As far as I’m concerned there was no Renaissance. And, maybe I’m just a “hater” who needs to “stand down” or whatever, but I have scant tolerance for the Latinists of the Carolingian Dynasty of the 880s. Likewise, the orotund cantos of courtier Einhard and over-wrought liturgies of the Frankish Benedictine Strabo which marred the 820s. Of course, these only extended the consummate farce that was art in the 130s BCE — all mud pots and dirt piles. Which is to say nothing of the sub-Dan Brown-level asininity of 2380s BCE thrillers, such as The Maxims of Ptahhotep. And don’t get me started on the cave paintings of the 13,020s BCE, with their garish lines and laughably unschooled technique. Or the crudely voiced clicks and glottal stops of the 40,010s BCE hominid “poets.”
So much sucking. All of which leads me back to the 13,999,999,990’s BCE — the first decade, the only decade in arts that ruled. When everything was new, erupting with hot and spontaneous creativity, like a nimble bass line. When sound and colour exploded with beautiful self-effacement, into cosmic symphonies and vast abstract compositions. When everything was “real.” This quintessential decade in artistic achievement is, of course, not to be confused with the next, the 13,999,999,980s BCE, in which everything already started to become played out, and, as such, sucked.

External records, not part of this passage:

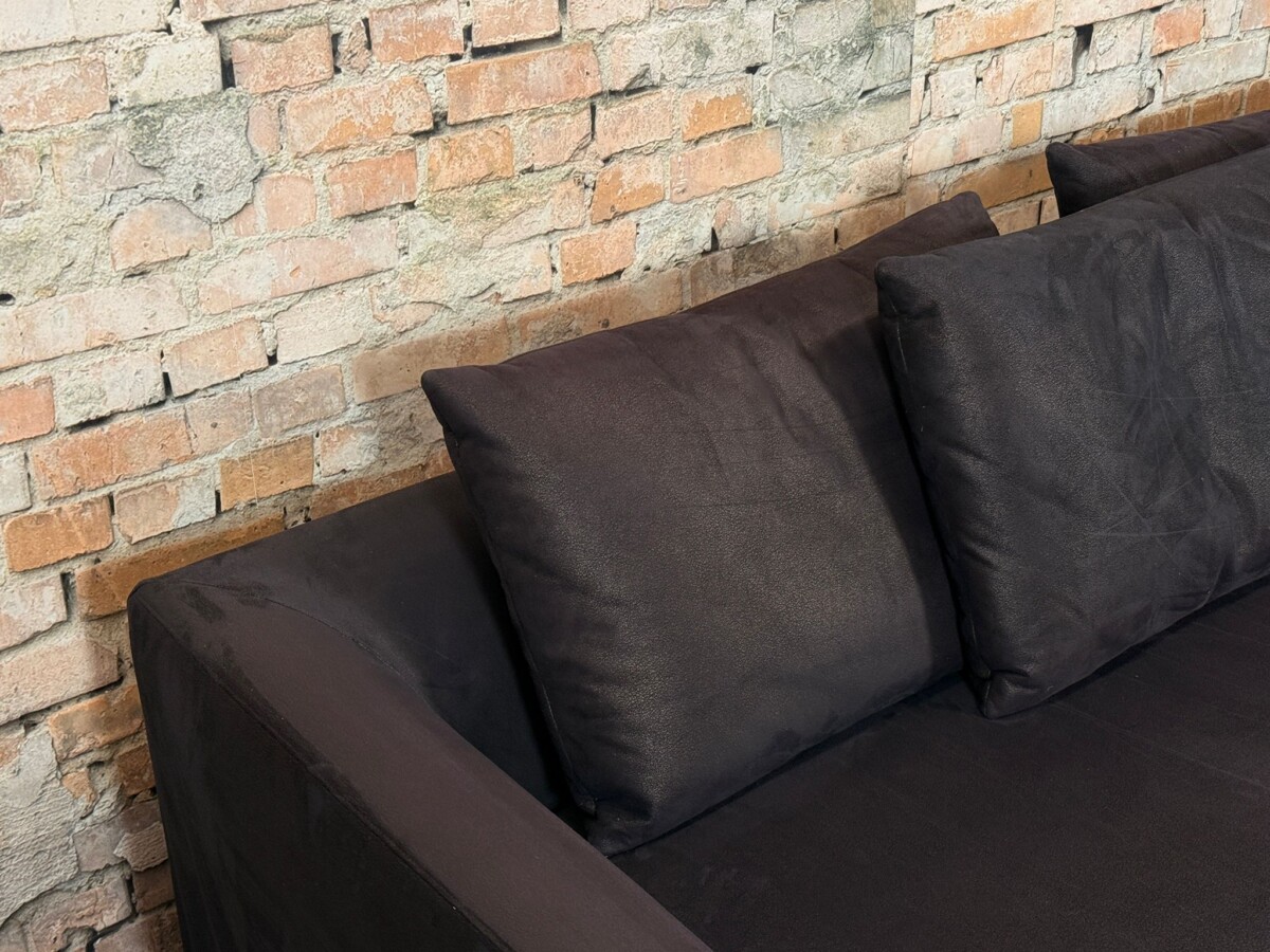 Het ontwerp van Marcel Wanders voor het merk Moooi herkent u direct aan de royale proporties en de verfijnde details, zoals de slanke metalen poten die de bank een moderne lift geven. De Moooi Canvas biedt dankzij de diepe zit en de losse rugkussens een heerlijk comfort voor een avond ontspannen. De bank verkeert in een uitstekende tweedehands staat; het zwart/antracietkleurige Alcantara is prachtig egaal en vrij van noemenswaardige gebruikssporen. Een buitenkans om een authentieke Moooi Canvas van Marcel Wanders te bemachtigen die luxe en praktisch gemak perfect combineert.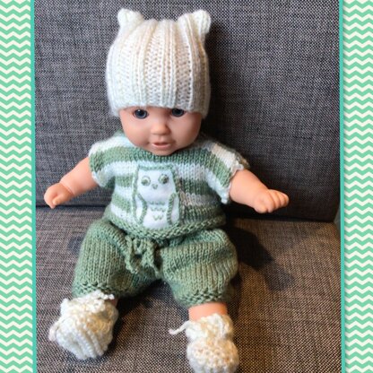 Owl outfit for a doll 12"-14" (31-36cms). Howie loves wearing his owl outfit while he is listening to the hoot of owls at night. The sweater is knitted in one piece, a quick set to knit.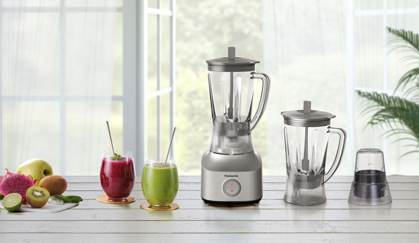 Máy xay sinh tố Panasonic MX-M210SRA sở hữu thiết kế sang trọng, hiện đại với sắc xám thời thượng, chất liệu nhựa trong suốt khiến trọng lượng máy nhẹ, nhỏ gọn, phù hợp với mọi nội thất trong căn bếp. Công suất 450W cùng dung tích cối 1L giúp bạn có thể chế biến được hầu hết mọi loại thực phẩm từ xay sinh tố, xay tỏi, làm sốt,...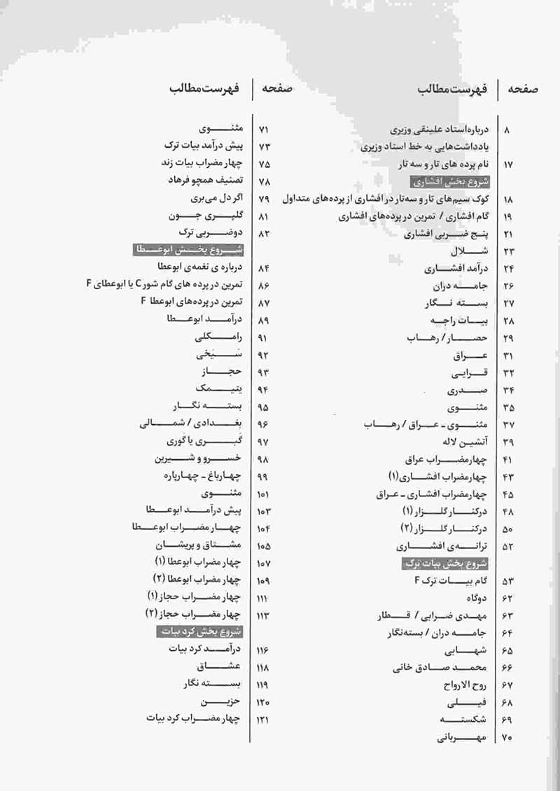 دفتر چهارم - تمرین ها و ضربی ها - ردیف های افشاری، بات ترک، ابوعطا،کرد بیات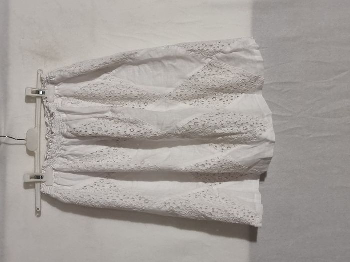 Jupe midi en lin femme Freda blanche taille XXL. Avec motif dentelle et élastique à la ceinture. En très bon état. Envoi rapide et soigné. Négociable.
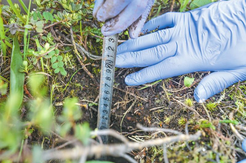 前期的研究表明,海拔越高,增溫速率越明顯。王濤站起身,山對面的雪山下,海拔4500米的地方,觀測站還布設了同樣的增溫設施。“我們就是要搞清楚,這種增溫會對土壤碳庫產(chǎn)生什么影響,影響的機制是什么?!?/p>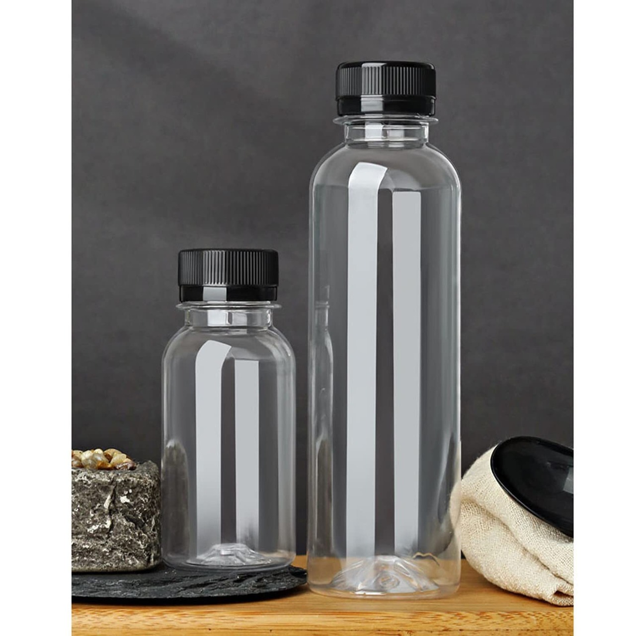 SHZMJL 蓋付き500mlのドリンク ボトル、プラスチック ジュース ボトル、4本入クリア ボトル、空のミルクボトル、再利用可能な透明なバルク飲料ジュース、牛乳、その他の飲み物用透明なペット用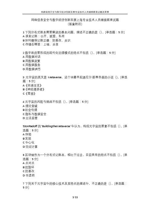 网络信息安全与数字经济创新发展上海专业技术人员继续教育试题(答案附后)1下列分布式账本需要解决的基本问题,描述不正确的是()。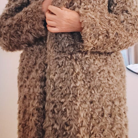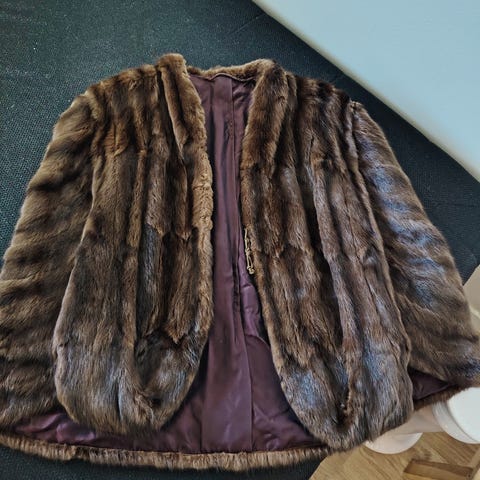 Stola i kaninpels. Hel lengde 95cm, Nakkebredde 10cm og 13cm bredde i endene.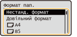 Якщо вам часто потрібно міняти папір для завантаження, установіть значення <Довіль.>; це зменшить кількість кроків, які потрібно щоразу виконувати для зміни параметра. Проте майте на увазі, що цей параметр дає змогу виконувати друк на апараті, навіть якщо є невідповідність між параметром типу паперу в драйвері принтера й типом паперу, який фактично завантажено в апарат.
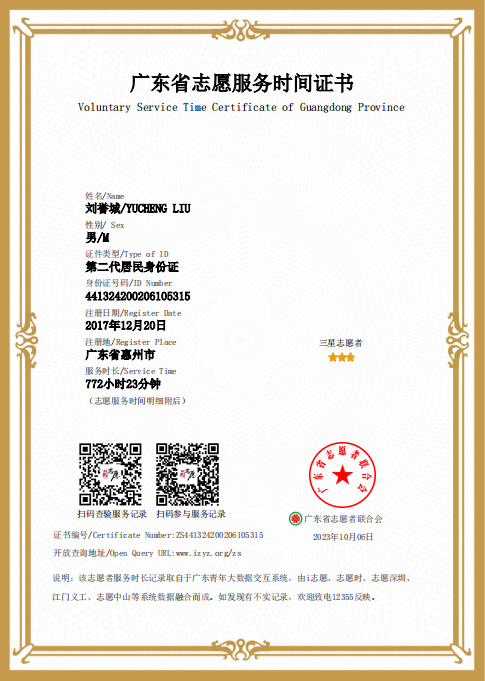刘誉城同学多次参加志愿服务活动,如疫情防控、七彩阳光暖童行动、协助交通秩序等,目前在i志愿平台上累计志愿服务时长772小时。

Anyway, enough longing backwards glances to the salad days of 14 billion years ago. Where do we go from here? Into the 2010s. Into “the future.” And, because one cannot know what the future holds, I find myself distressingly unable to promptly dismiss it one way or another. Indeed, I feel, for the first time, the pangs of mixed feelings. While part of me feels like “we definitely can’t reach any lower lows,” another part thinks, “Obviously, we will reach many more new lows, probably within the next three to five minutes.”